**Task to carry out**
Using the material below, print a verbatim copy of every line from the one containing "Show your USA" through the one containing "7- ترکیب کابینه حکمتیار مشخص شد", inclusive, and omit the pictures.
______
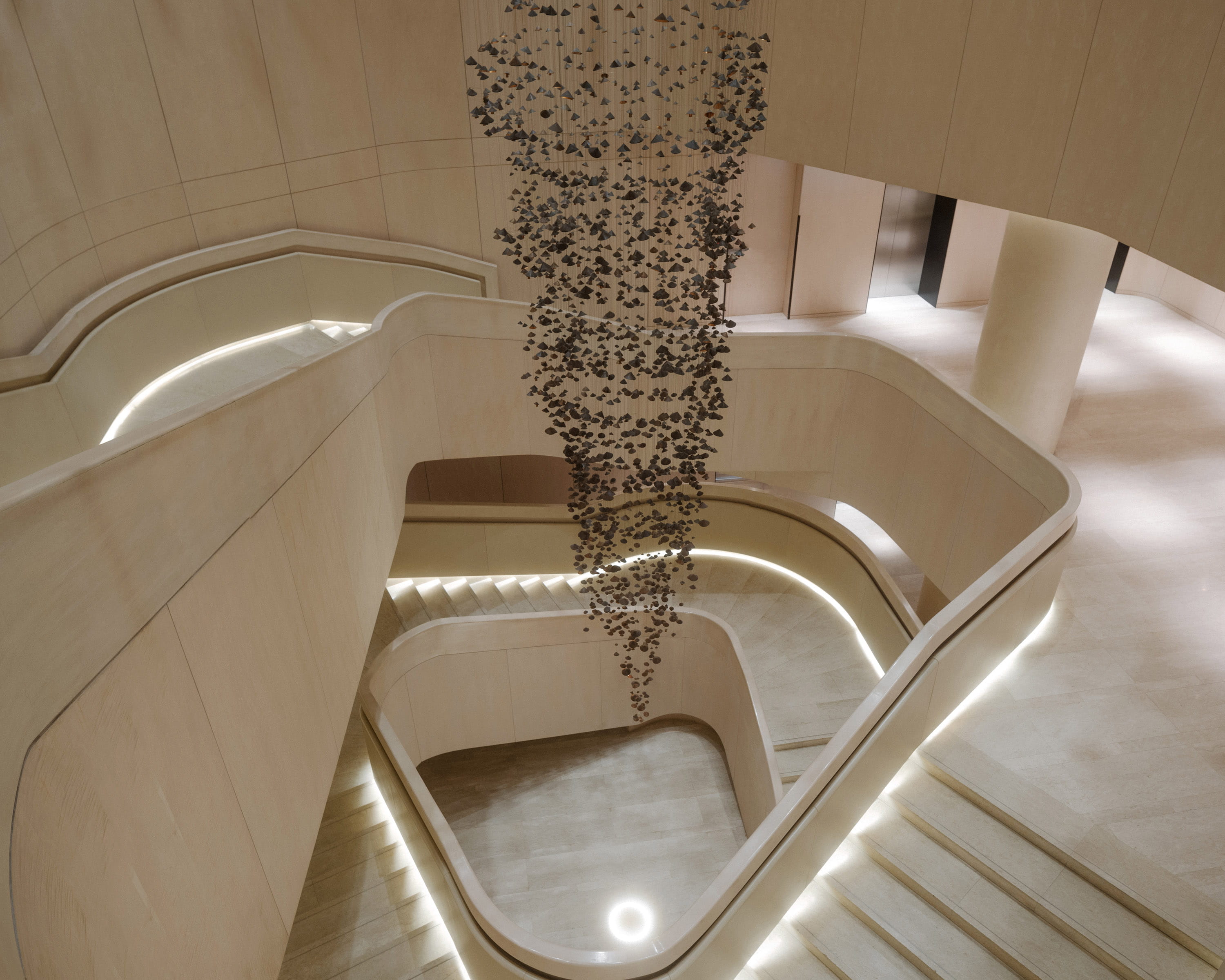 To deepen this experience, guests are invited to embark on a complimentary in‑house art tour, guided by the hotel’s knowledgeable art curating team. The journey unveils an extraordinary collection of works, including Hirotoshi Sawada’s Pagoda Mirage, a suspended copper installation inspired by the iconic pagoda of Wat Arun, alongside his fluid ceiling installation Naga, which gracefully flows through the 9th‑floor veranda into the Living Room and Embassy Room La Marina.
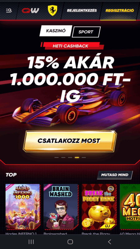 - Heti Cashback: 15%, akár 1.000.000 Ft-ig – mert veszíteni is lehet stílusosan, ha utána visszakapsz belőle.
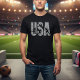 Show your USA pride with this dynamic soccer fan t-shirt featuring player action silhouettes integrated into bold USA lettering with distressed vintage texture. Perfect for the global football tournament 2026 hosted in USA, watch parties, tailgating, fan zones, and supporting Team USA during international matches and home games.
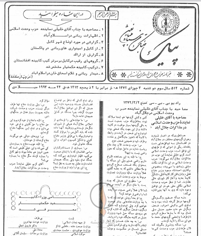 7- ترکیب کابینه حکمتیار مشخص شد
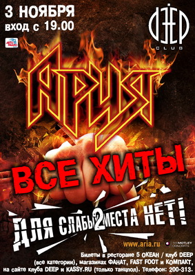 3 ноября в клубе DEEP пройдёт концерт группы «Ария», стоимость билетов — от 1200 рублей.
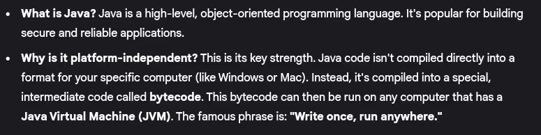 - What is Java and why is it platform-independent?
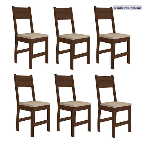Com qualidade Poliman, o melhor em design, conforto e durabilidade. Acabamento: Fosco Acabamento da Estrutura: Pintura Almofada do assento: Fixa Altura do assento até o chão: 47.0000 Altura dos Pés: 45 cm Altura Máxima dos Pés: 45.0000 Ambiente Principal: Cozinha codigo_ean: 7900288111234 Complexidade da Montagem: Baixa: pode ser montado por uma pessoa sozinha Cor: Amendoa/Savana Cor do Produto: Amendoa/Savana Dimensões do assento: C.38xL.40xE.1,5cm Dobrável: Não Enchimento do Assento: Espuma D-10 Escala de Brilho: Fosco Estrutura do Assento: MDP Estrutura do Encosto: MDP Giratória: Não Informações Complementares: Assento com espuma revestida em material sintético de alta resistência, travas, sapatas. Itens Inclusos: Conjunto 6 Cadeiras, Kit de Ferragens e Manual de Montagem. Manual de Montagem e Instalação: https://product-hub-prd.madeiramadeira.com.br/983050/documents/4aee1364-f13e-4ed1-a26c-b817457ef217279563649317438001183151.pdf Marca: Poliman Móveis Material Principal: MDF Necessita Montagem: Sim Origem do Produto: Nacional Peso: 35,4 kg Possui Apoio para Braços: Não Possui Apoio Para os Pés: Não Possui Assento/Encosto Estofados: Possui Somente o Assento Estofado Possui Espaldar: Não Possui Rodízio: Não Quantidade de Itens: 6 Recomendações de Uso, Manutenção e Limpeza: Utilizar uma flanela seca ou umedecida. Não usar produtos abrasivos. Revestimento do Assento: Courvin Sistema de Montagem: Parafusos, cantoneiras, pregos, sapatas, junção. Tipo de Assento: Fixo Tipo de Encosto: Fixo
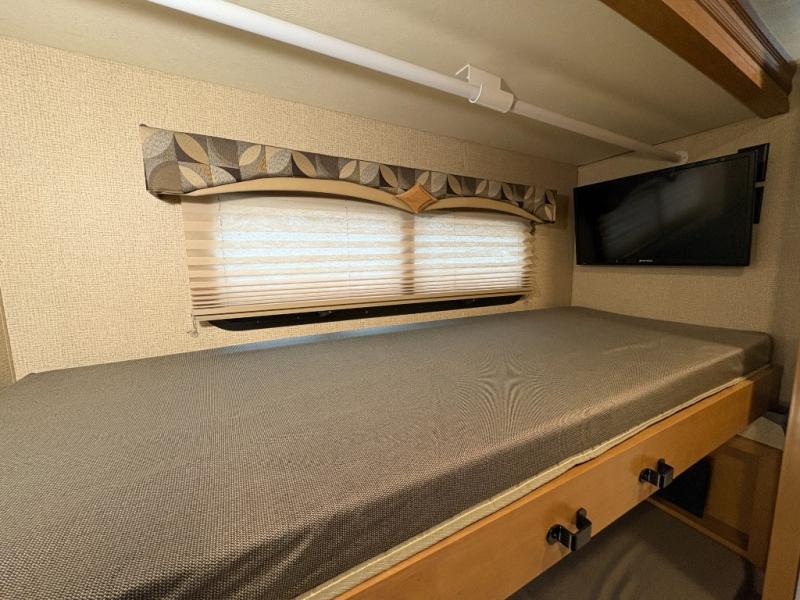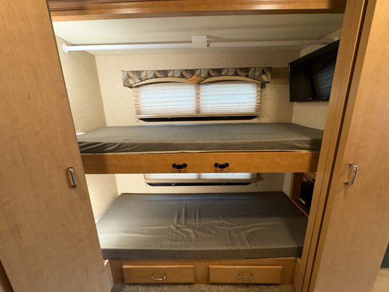 Outside the bedroom, the slide out continues with the bunk beds for the kids or grandkids. Moving forward, a three burner range, overhead microwave, corner angled kitchen sink, counter space, overhead cabinets and a dream booth dinette complete the full wall slide. A 40" LED TV is mounted above the dinette.
______
**Written solution**
 Show your USA pride with this dynamic soccer fan t-shirt featuring player action silhouettes integrated into bold USA lettering with distressed vintage texture. Perfect for the global football tournament 2026 hosted in USA, watch parties, tailgating, fan zones, and supporting Team USA during international matches and home games.
 7- ترکیب کابینه حکمتیار مشخص شد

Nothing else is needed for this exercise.